-- Opening Marker --

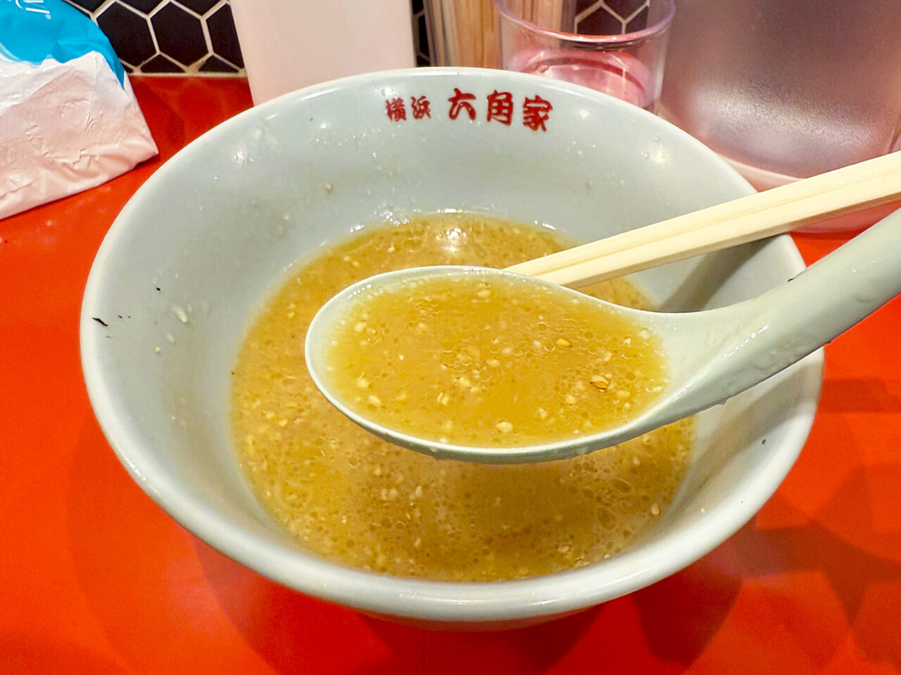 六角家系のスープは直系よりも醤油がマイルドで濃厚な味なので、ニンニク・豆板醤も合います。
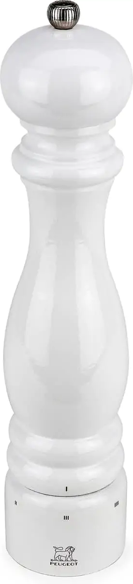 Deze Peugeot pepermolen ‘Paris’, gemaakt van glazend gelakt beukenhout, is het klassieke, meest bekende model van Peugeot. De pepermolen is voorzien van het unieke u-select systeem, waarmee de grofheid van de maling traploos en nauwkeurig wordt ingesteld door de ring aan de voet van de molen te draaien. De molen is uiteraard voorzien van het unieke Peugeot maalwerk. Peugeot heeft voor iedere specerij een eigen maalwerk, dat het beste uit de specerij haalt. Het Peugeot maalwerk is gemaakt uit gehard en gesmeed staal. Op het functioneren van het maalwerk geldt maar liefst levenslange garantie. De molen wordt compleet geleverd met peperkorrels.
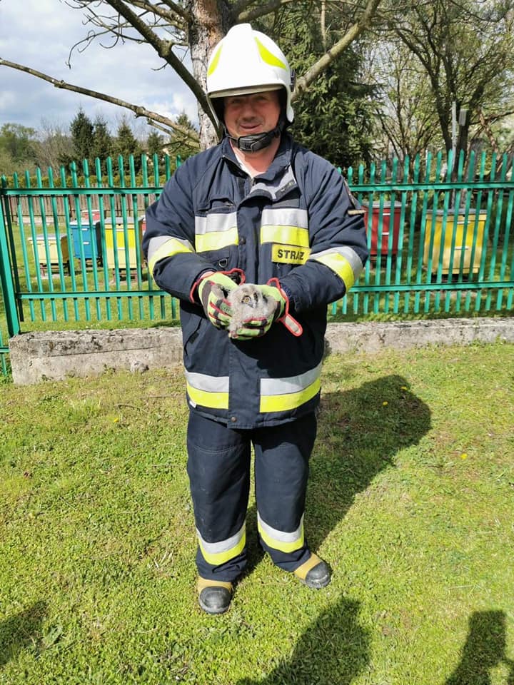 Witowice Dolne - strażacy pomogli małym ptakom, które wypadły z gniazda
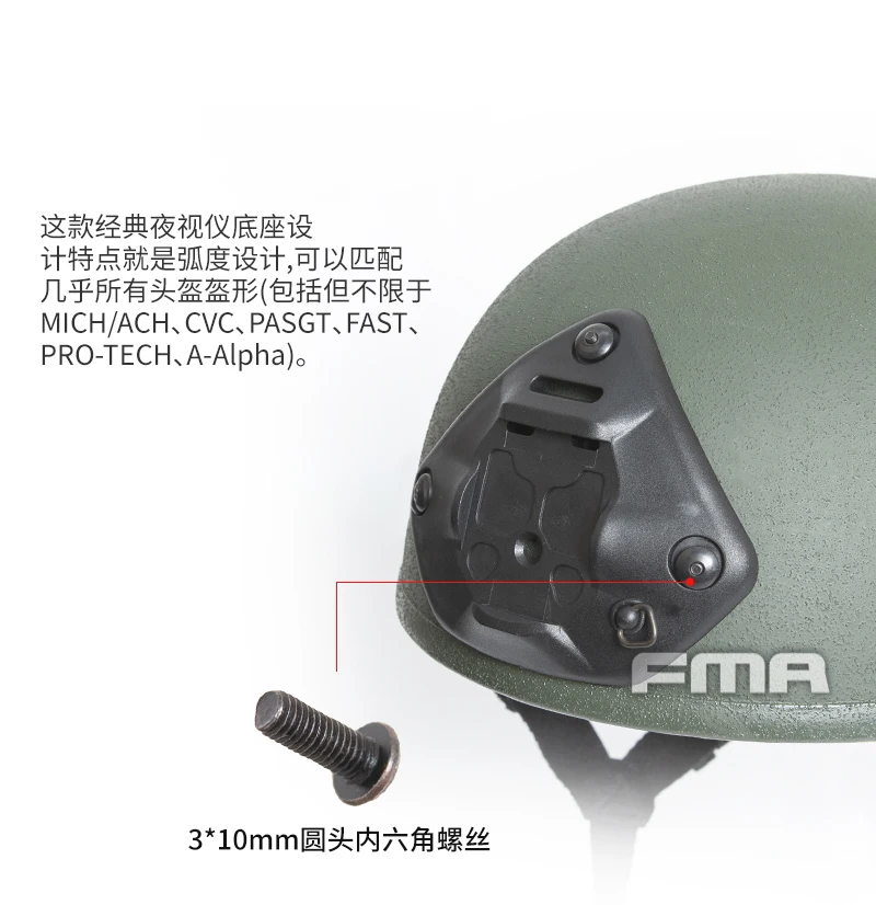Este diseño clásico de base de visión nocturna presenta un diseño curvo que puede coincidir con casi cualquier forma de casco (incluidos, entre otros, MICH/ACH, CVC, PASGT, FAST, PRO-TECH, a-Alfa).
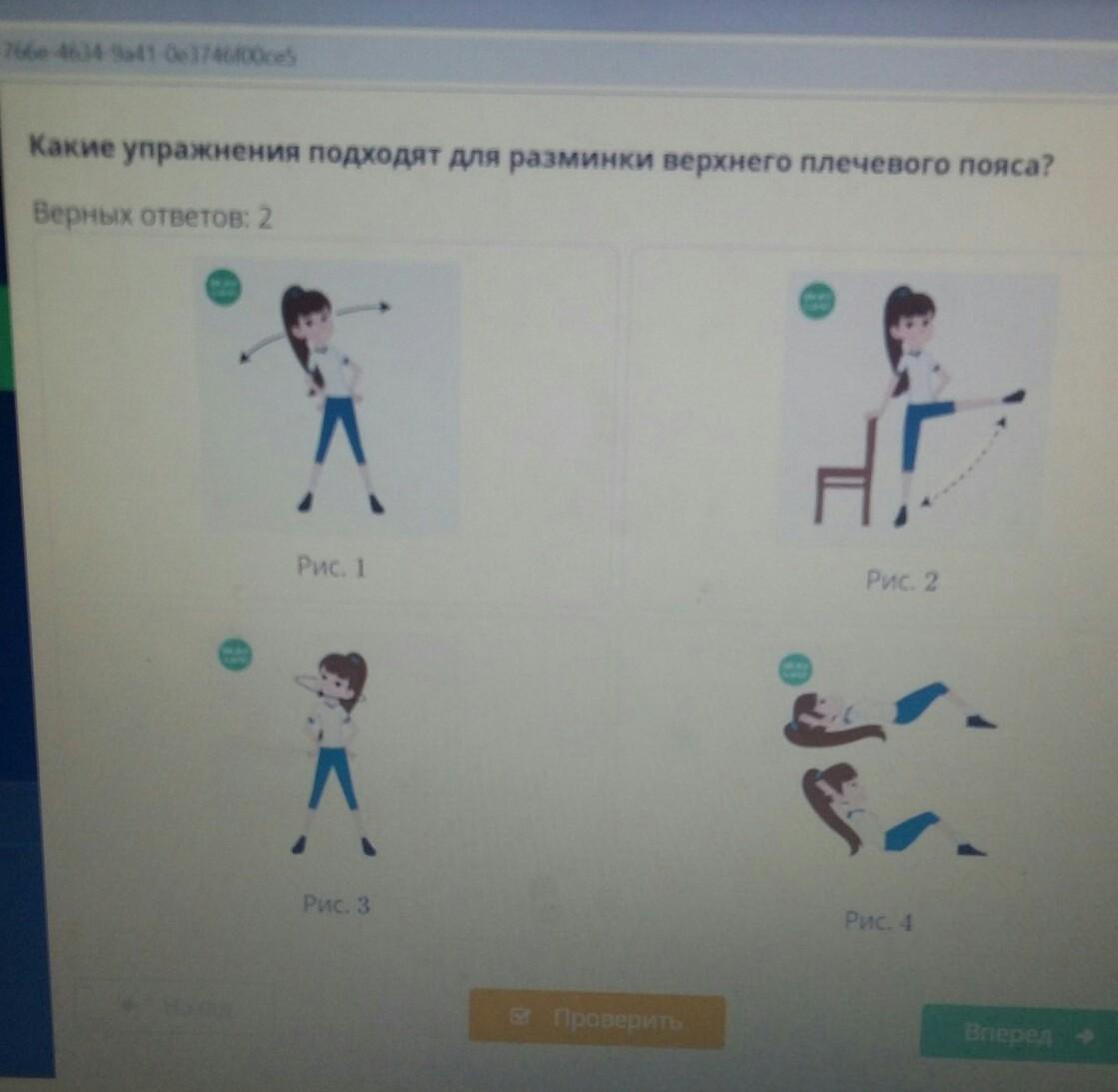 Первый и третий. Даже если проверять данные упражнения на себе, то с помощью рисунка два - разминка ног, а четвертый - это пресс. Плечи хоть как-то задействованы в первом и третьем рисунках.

-- Closing Marker --

## THE TASK
The records above should be duplicated exactly, with none of their pictures kept.

## SOLUTION TO THE EXERCISE
 六角家系のスープは直系よりも醤油がマイルドで濃厚な味なので、ニンニク・豆板醤も合います。
 Deze Peugeot pepermolen ‘Paris’, gemaakt van glazend gelakt beukenhout, is het klassieke, meest bekende model van Peugeot. De pepermolen is voorzien van het unieke u-select systeem, waarmee de grofheid van de maling traploos en nauwkeurig wordt ingesteld door de ring aan de voet van de molen te draaien. De molen is uiteraard voorzien van het unieke Peugeot maalwerk. Peugeot heeft voor iedere specerij een eigen maalwerk, dat het beste uit de specerij haalt. Het Peugeot maalwerk is gemaakt uit gehard en gesmeed staal. Op het functioneren van het maalwerk geldt maar liefst levenslange garantie. De molen wordt compleet geleverd met peperkorrels.
 Witowice Dolne - strażacy pomogli małym ptakom, które wypadły z gniazda
Este diseño clásico de base de visión nocturna presenta un diseño curvo que puede coincidir con casi cualquier forma de casco (incluidos, entre otros, MICH/ACH, CVC, PASGT, FAST, PRO-TECH, a-Alfa).
 Первый и третий. Даже если проверять данные упражнения на себе, то с помощью рисунка два - разминка ног, а четвертый - это пресс. Плечи хоть как-то задействованы в первом и третьем рисунках.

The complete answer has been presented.